Enter Ronald Reagan. He changed U.S. policy from one of accomodating the Soviets to winning the cold war. His harsh anti-Soviet rhetoric made explicit the good/evil dichotomy between the Soviets and the free world, and gave hope to dissident movements around the world.
Then Reagan began to roll back Soviet adventurism in Central and South America. Funding the Contras, repelling the Marxist takeover of Grenada, and with Lech Walesa, the Pope, and Thatcher, working with dissident movements in eastern Europe such as Solidarity, Fomenting unrest in Soviet satellite nations.
Under Carter, the U.S. response to the invasion of Afghanistan was feckless. An Olympic boycott, and providing a few old AK-47’s to the rebels was about the extent of it. Reagan stepped up, and authorized the CIA to provide high-tech weaponry to the mujahadeen. The Stinger missiles the U.S. sent to Afghanistan destroyed the Soviet tactic of using helicopter gunships to raze villages and smash pockets of resistence. The Afghanistan war began costing the Soviet Union a hell of a lot of money.
Then there was Reagan’s two-pronged strategy to choke the Soviet Union of oil revenue. First, he authorized the outright sabotage of the Soviet oil pipeline. The CIA knew the Soviets were stealing computer technology from the west, so rather than stop them, they let them steal software with a trojan horse in it. Once installed, the hardware closed valves in such a way as to cause the largest non-nuclear explosion to date, blowing up a big chunk of the pipeline and setting the project back years. This was a very aggressive, highly secret, and daring plan, and it worked spectacularly. Not only did it deny the Soviets the money that would flow from their pipeline, but it caused them to doubt the integrity of all the other software they had stolen, which caused a huge expenditure of money and manpower as the stolen code in various places had to be removed, replaced, inspected, etc.
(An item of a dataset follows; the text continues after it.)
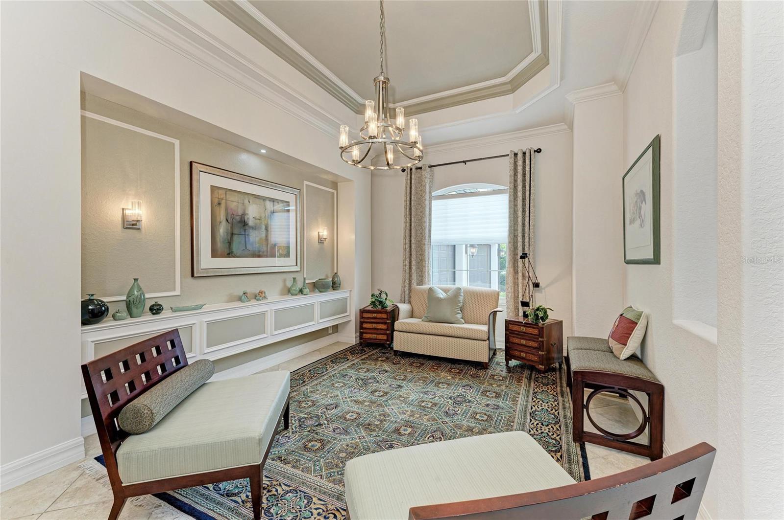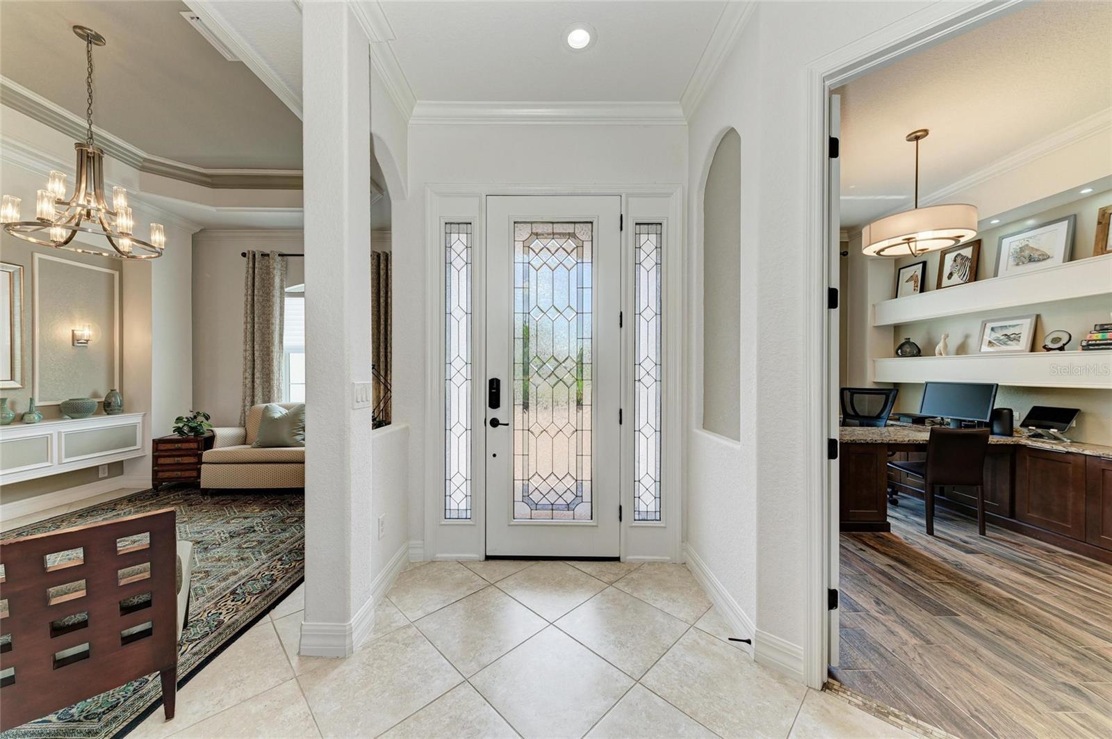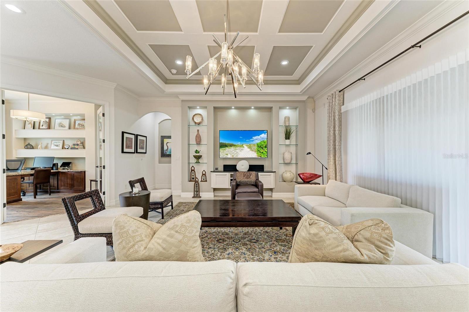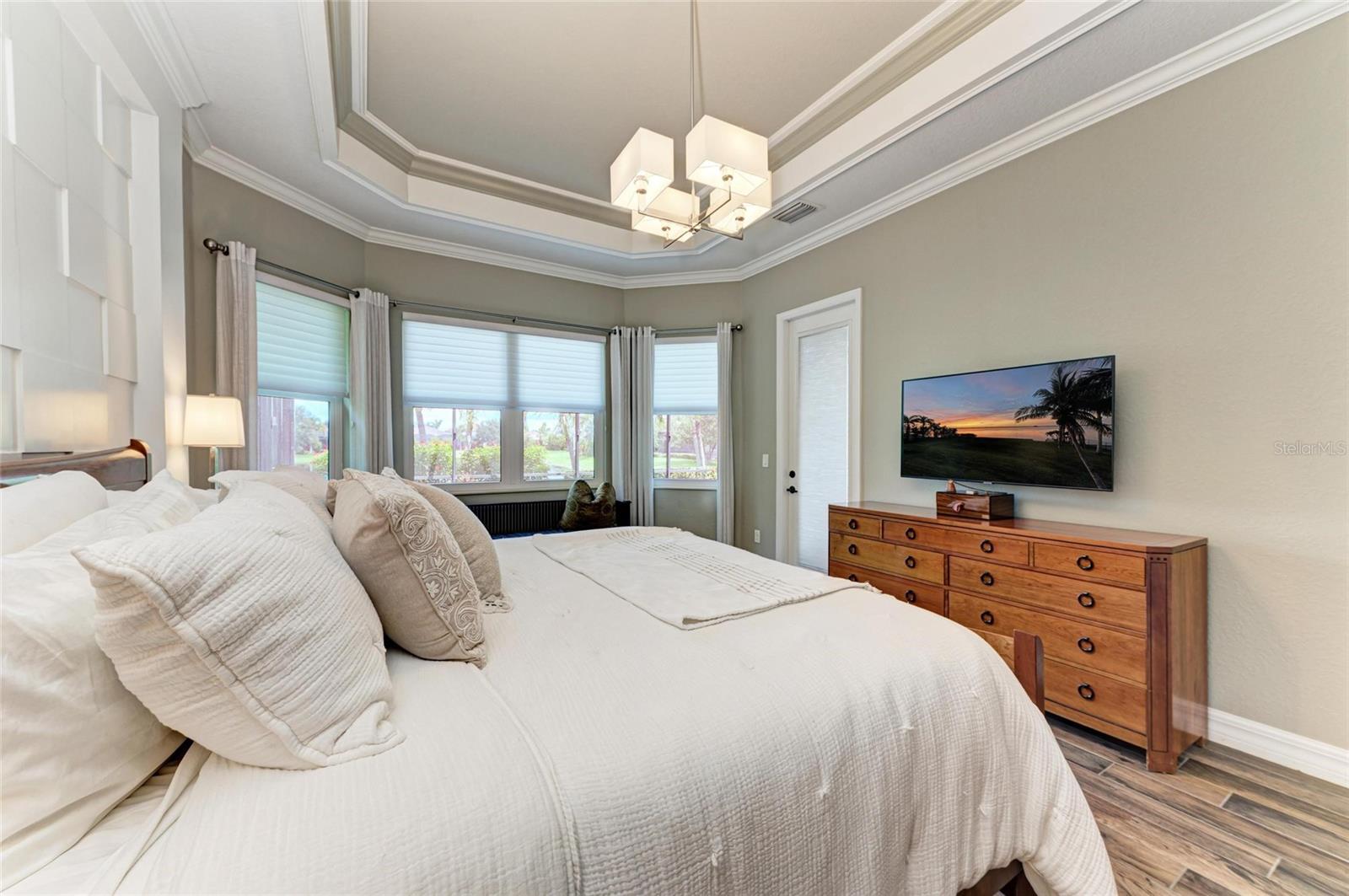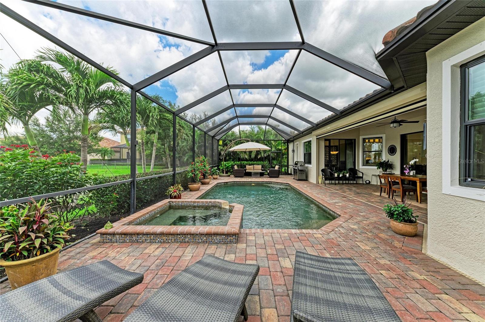 Welcome Home to your new beautifully customized lakefront pool home located in the prestigious, gated community of Bridgewater at Lakewood Ranch. This popular, Cambridge Estate Series model features 3 spacious bedrooms, 2.5 bathrooms, a 3-car garage, and a private study/office, offering the perfect combination of luxury, comfort, & design. With over $100,000 in designer upgrades, no detail has been overlooked in creating this refined & meticulously maintained residence. From the moment you arrive, you'll be captivated by the home's remarkable curb appeal, enhanced by lush landscaping & a freshly painted exterior (2023). Inside, the open-concept layout is both elegant & inviting, featuring volume ceilings, 8-foot doors, crown molding, & custom feature walls in the great room, dining room, study/office & owner's suite as well as wainscoting & bead board in the secondary bedrooms . The great room is a true showstopper, showcasing a coffered ceiling with wood trim, recessed lighting, a built-in entertainment console, glass shelving, accent lighting & equipped with a Motorized slider door shade--making it ideal for entertaining. The completely remodeled gourmet kitchen (2022) is a chef's dream, outfitted with solid wood, soft-close cabinetry, Taj Mahal Quartzite countertops, an undermount 30" KRAUS stainless steel sink, MOEN motion-sensor faucet, custom lighting w/transom uplighting/under-cabinet LED downlighting, pop-up electrical outlets w/ built-in charging station & new GE stainless steel appliances. The formal dining room & private office, enhanced by French doors, add versatility & sophistication to the layout. All bathrooms were completely renovated in 2022, featuring Taj Mahal Quartzite counters, modern faucets fixtures, fresh paint, & a glass shower enclosure in the second bathroom. Additional interior highlights include custom Hunter Douglas window treatments throughout, with a motorized shade for the sliding glass door in the great room, a HALO whole-house water purification system, custom-designed closets in the primary suite, ceramic wood-look tile in the den & owner's suite, & new LG front-load washer & dryer (2022). All smoke detectors were replaced in 2025. Outdoor living is equally impressive. The screened lanai offers updated lighting & ample space to enjoy the stunning lake views, sunrises, & tranquil Florida wildlife. The resort-style pool & spa create a peaceful oasis perfect for entertaining or unwinding at the end of the day. The home is equipped with HIGH-IMPACT HURRICANE RATED WINDOWS & a HIGH-IMPACT HURRICANE SCREENED ENCLOSURE. Bridgewater at Lakewood Ranch is a highly desirable, maintenance-free, gated community offering beautifully landscaped grounds, pavered driveways, a community park w/social events, & walking paths. With low HOA fees covering lawn care, reserves, & common area maintenance, residents enjoy peace of mind & convenience. Just minutes from top-rated schools including Lakewood Ranch Preparatory Academy, world-class golf courses, dining, shopping, University Town Center, & a short drive to the white-sand beaches, downtown Sarasota, & I-75 for quick access to Tampa, St. Petersburg, & beyond. This move-in ready, feature-rich home offers a rare opportunity to enjoy luxury living in the nation's #1 top master-planned community. Whether you're seeking refined design, modern upgrades, or the perfect Florida lifestyle, 5655 Cloverleaf Run delivers it all--and more.

Then Reagan choked off the Soviet Union technologically, instituting new export controls on computers and other high tech equipment including machine tools, and muscling other countries into following suit. This also damaged the Soviet economy.
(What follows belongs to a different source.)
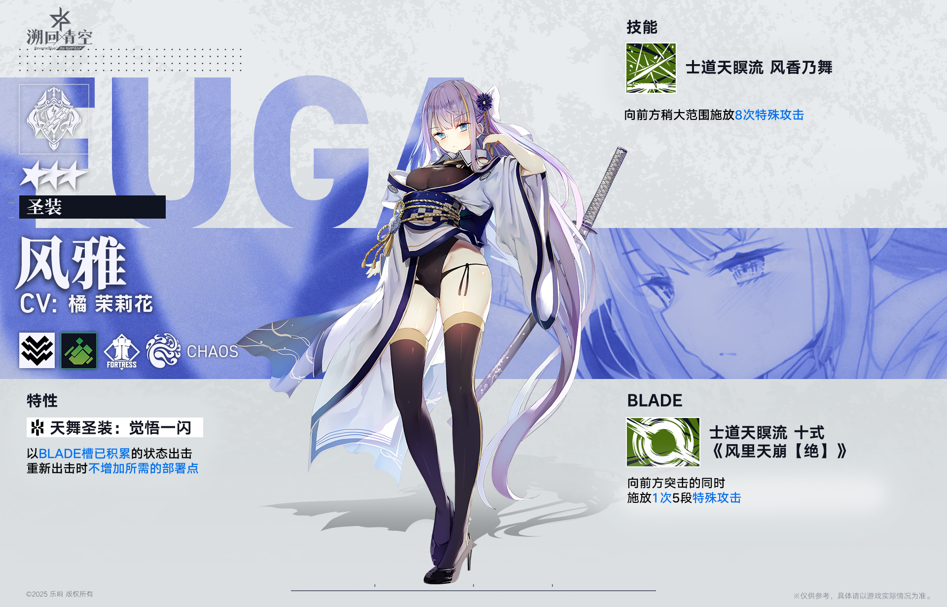 //风雅《圣装》 //cv: #橘茉莉花 ◆特性:【天舞圣装:觉悟一闪】 ◆技能:士道天瞑流 风香乃舞 ◆BLADE:士道天瞑流 十式 《风里天崩【绝】》 「陛下,庆典快乐。士道风雅,身着天舞圣装前来觐见 这圣装是士道的骄傲与勇气的体现,也是守护吾王与公主的觉悟象征」#溯回青空 #rxr

Next, Reagan leaned on the Saudis hard, and got them to increase production dramatically, driving down world oil prices. This cost the Soviet Union big time in oil revenue, further exacerbating their economic problems.
This is the context in which Reagan was also building up the military and moving the military competition from a “how many tanks can you build” strategy, which the Soviets were very good at, to a, “how sophisticated can you make your military” strategy, which the Soviets were hopeless at.
So it wasn’t just one thing, and it wasn’t just Reagan. But Reagan started the ball rolling, and as the leader of the most powerful country in the world, took point on the events of the 1980’s. Detente’ changed to confrontation, and the Soviets were hit on all sides - economic, military, moral. Their client states were starting to rebel, and the Soviets lost hope of ‘winning’ through expansion.
“General Secretary Gorbachev, if you seek peace, if you seek prosperity for the Soviet Union and Eastern Europe, if you seek liberalization: Come here to this gate! Mr. Gorbachev, open this gate! Mr. Gorbachev, tear down this wall!”